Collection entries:
--- START ---

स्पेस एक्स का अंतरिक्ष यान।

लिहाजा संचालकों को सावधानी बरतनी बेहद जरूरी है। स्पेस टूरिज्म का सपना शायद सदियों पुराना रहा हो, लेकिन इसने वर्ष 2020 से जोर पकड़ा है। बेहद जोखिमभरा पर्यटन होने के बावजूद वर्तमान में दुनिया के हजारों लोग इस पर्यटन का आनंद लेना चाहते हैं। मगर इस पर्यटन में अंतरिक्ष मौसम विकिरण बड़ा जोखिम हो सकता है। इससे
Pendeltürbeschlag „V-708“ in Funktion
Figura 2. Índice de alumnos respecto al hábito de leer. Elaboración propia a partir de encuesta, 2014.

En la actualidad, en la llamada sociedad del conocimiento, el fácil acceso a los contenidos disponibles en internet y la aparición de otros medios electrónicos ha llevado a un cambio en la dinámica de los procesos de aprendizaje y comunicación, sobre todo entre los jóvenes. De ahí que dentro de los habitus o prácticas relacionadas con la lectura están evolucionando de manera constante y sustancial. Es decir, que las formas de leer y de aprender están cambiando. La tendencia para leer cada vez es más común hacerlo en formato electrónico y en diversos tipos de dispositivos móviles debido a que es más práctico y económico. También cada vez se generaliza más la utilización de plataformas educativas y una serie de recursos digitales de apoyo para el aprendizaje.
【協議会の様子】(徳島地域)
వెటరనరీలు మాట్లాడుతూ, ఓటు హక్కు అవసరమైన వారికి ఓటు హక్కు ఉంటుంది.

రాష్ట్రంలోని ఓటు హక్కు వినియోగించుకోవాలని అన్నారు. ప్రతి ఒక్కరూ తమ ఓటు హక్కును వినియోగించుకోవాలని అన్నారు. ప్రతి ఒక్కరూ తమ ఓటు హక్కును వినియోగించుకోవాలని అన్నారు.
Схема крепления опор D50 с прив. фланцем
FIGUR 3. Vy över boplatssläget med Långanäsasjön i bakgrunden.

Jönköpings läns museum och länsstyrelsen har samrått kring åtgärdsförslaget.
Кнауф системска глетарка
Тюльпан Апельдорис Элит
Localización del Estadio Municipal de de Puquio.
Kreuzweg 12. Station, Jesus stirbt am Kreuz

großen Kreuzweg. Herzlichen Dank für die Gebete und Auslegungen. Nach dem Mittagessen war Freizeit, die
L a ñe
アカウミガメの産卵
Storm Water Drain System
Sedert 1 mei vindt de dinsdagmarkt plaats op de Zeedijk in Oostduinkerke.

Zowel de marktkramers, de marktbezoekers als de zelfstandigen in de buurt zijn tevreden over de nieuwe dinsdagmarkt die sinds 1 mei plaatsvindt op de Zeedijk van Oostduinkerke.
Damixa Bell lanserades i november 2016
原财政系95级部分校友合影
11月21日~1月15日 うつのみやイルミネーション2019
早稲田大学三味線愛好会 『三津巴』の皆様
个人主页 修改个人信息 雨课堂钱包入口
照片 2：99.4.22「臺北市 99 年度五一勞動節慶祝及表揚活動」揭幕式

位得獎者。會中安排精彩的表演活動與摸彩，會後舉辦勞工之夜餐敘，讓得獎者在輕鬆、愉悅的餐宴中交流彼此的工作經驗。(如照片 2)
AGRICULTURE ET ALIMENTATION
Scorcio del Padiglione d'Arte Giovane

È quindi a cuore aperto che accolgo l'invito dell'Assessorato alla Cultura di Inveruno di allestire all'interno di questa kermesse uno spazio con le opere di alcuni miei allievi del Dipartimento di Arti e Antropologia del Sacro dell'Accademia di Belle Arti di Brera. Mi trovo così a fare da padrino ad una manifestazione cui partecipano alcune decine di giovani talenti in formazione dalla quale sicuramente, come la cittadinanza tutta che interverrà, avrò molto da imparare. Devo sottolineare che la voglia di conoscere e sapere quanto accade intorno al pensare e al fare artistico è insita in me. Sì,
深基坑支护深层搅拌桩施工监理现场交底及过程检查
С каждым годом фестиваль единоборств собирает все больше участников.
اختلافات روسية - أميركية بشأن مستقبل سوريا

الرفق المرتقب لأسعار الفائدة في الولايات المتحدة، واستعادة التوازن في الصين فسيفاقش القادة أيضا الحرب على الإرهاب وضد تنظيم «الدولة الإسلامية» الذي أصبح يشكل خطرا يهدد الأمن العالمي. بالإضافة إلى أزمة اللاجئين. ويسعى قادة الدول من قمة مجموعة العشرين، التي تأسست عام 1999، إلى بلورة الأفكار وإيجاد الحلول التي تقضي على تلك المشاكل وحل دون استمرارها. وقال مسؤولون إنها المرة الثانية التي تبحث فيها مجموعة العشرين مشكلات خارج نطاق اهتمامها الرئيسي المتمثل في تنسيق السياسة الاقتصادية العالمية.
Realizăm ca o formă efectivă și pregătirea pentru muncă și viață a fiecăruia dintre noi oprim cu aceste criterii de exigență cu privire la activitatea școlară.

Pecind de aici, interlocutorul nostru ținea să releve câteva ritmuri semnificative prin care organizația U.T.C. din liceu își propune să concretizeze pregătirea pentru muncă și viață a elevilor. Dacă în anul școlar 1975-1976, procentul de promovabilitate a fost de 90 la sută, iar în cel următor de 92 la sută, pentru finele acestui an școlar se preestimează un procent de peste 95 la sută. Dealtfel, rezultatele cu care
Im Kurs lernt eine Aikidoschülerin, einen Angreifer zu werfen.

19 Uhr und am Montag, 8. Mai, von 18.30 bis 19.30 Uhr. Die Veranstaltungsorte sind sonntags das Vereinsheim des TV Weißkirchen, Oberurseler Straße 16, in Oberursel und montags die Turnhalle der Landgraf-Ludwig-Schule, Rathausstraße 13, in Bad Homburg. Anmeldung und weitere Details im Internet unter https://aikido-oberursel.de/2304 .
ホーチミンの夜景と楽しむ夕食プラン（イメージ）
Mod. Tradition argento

--- END ---

REQUIRED WORK
Word for word, restate the lines above from the line containing "الرفق المرتقب لأسعار" through the line containing "Realizăm ca o", with both included and nothing else.

ANSWER TO THIS TASK
الرفق المرتقب لأسعار الفائدة في الولايات المتحدة، واستعادة التوازن في الصين فسيفاقش القادة أيضا الحرب على الإرهاب وضد تنظيم «الدولة الإسلامية» الذي أصبح يشكل خطرا يهدد الأمن العالمي. بالإضافة إلى أزمة اللاجئين. ويسعى قادة الدول من قمة مجموعة العشرين، التي تأسست عام 1999، إلى بلورة الأفكار وإيجاد الحلول التي تقضي على تلك المشاكل وحل دون استمرارها. وقال مسؤولون إنها المرة الثانية التي تبحث فيها مجموعة العشرين مشكلات خارج نطاق اهتمامها الرئيسي المتمثل في تنسيق السياسة الاقتصادية العالمية.
Realizăm ca o formă efectivă și pregătirea pentru muncă și viață a fiecăruia dintre noi oprim cu aceste criterii de exigență cu privire la activitatea școlară.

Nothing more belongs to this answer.